Can we all just eat hummus for dinner and call it a day?
Cause that is kind of how I want today to go down. A big bowl of hummus and a big side of fresh naan for dipping.
Like hummus dinner for the win!
I have not always been a hummus person. It really wasn’t until last year, when I started making my own hummus, that I started to enjoy it. Once I started making it myself, I never looked back, it seems I make at least a batch a week. I love dipping in veggies for a snack or turning it into an easy weeknight meal, which is kind of what I did here.
I don’t know about you, but put a bowl of homemade hummus in front of me with some naan or ok, sometimes even just a spoon and I will go to town. A lot of times on nights when I am not starving for dinner, I will toss together a rough chop of fresh veggies and or fruits and throw them on a pile of hummus. Add a side of naan or bread, and dinner equals done.
Simple, healthy, and super satisfying.
Obviously, this is just as great as an appetizer or snack as it is for a simple dinner, but I feel like we all have those days when just about all we can muster is to throw together a giant bowl of hummus.

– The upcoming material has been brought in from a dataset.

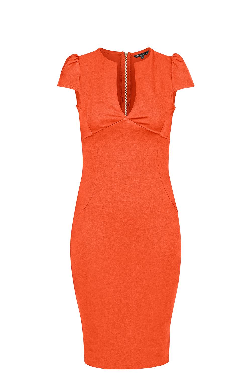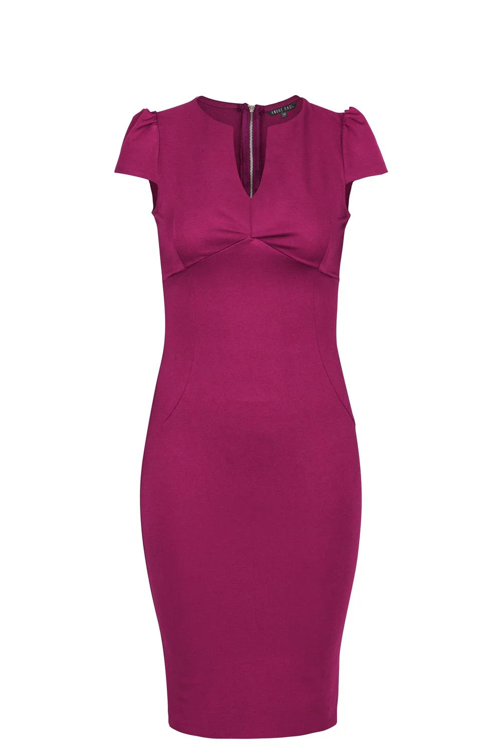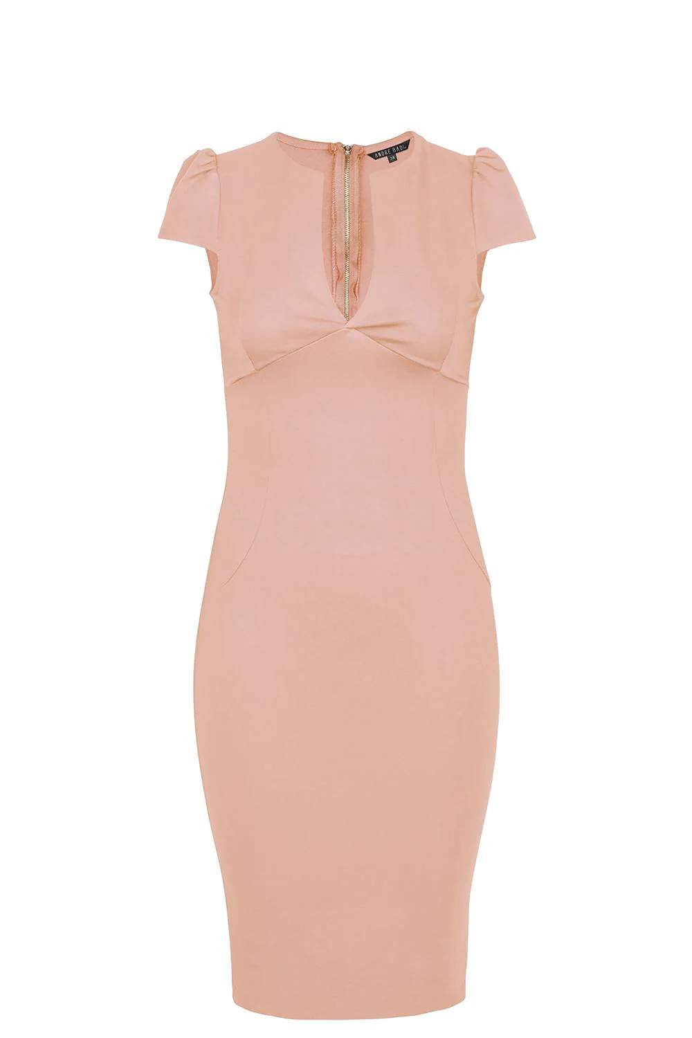 André Badi Vestido ajustado con escote al frente, corte en bajo busto y mangas cortas. Composicion66% Viscosa 30% Poliamida 4% Elastano Modelo 20-0532

The recipe starts with my basic go-to hummus recipes. I have perfected it to my liking and use it as a base for all my hummus variations, it is delish. For my toppings…aka my favorite part, I go big.
Hey, go big or go home, right?
It is always something a little different, but the combo I am showing you guys here is my favorite. It is a mix of all the best farmers’ market produce. I am talking, about heirloom tomatoes, iceberg, rocket, and citrus. Add a handful of Nigella seeds and a sprinkle of feta, and a drizzle of olive oil, and done.
Honestly, this may seem like, it is just hummus. But give this a try, it will be your new favorite for everything from parties, to lunches, to quick snacks… to single lady dinners. Trust me.
Oh and don’t forget the carbs…I like naan, pita, toasted bread, and or pita chips. Obviously.
- 1 can chickpeas (reserve the liquid in the can)
- 2-4 cloves garlic grated, depending on your taste
- ½ cup tahini
- 1 tablespoon white miso paste or ¾ teaspoon kosher salt
- juice from 1 lemon
- extra virgin oil for drizzling
- 1 handful of iceberg lettuce leaves
- citrus fruits, for example, mandarins or oranges
- 1 cup cherry tomatoes, halved
- 1 handful arugula, watercress, or spinach
- fresh basil or mint
- crumbled feta cheese
- 2 tablespoons Nigella seeds
- Make the hummus. To the bowl of a food processor, add the garlic, lemon juice, and chickpeas, pulse until finely ground.
- Add 2-3 tablespoons of the reserved liquid from the can of chickpeas, the tahini, and miso.
- Pulse until smooth, 3-5 minutes. With the machine running, stream in 1 tablespoon chickpea liquid a time until the hummus has reached a creamy consistency. Taste and adjust salt and lemon as desired.
- Taste and adjust salt and lemon as desired.
- In a medium bowl, toss together the iceberg lettuce, tomatoes, arugula, and mandarin slices. Add a drizzle of olive oil and a pinch of salt and pepper. Toss well to combine.
- Spoon the hummus into a serving bowl and serve drizzled with olive oil and topped with the fresh veggies.
- Add a handful of fresh greens and herbs and then sprinkle the hummus with, feta, Nigella seeds, and flaky sea salt. Serve with pita chips and veggies for dipping. EAT!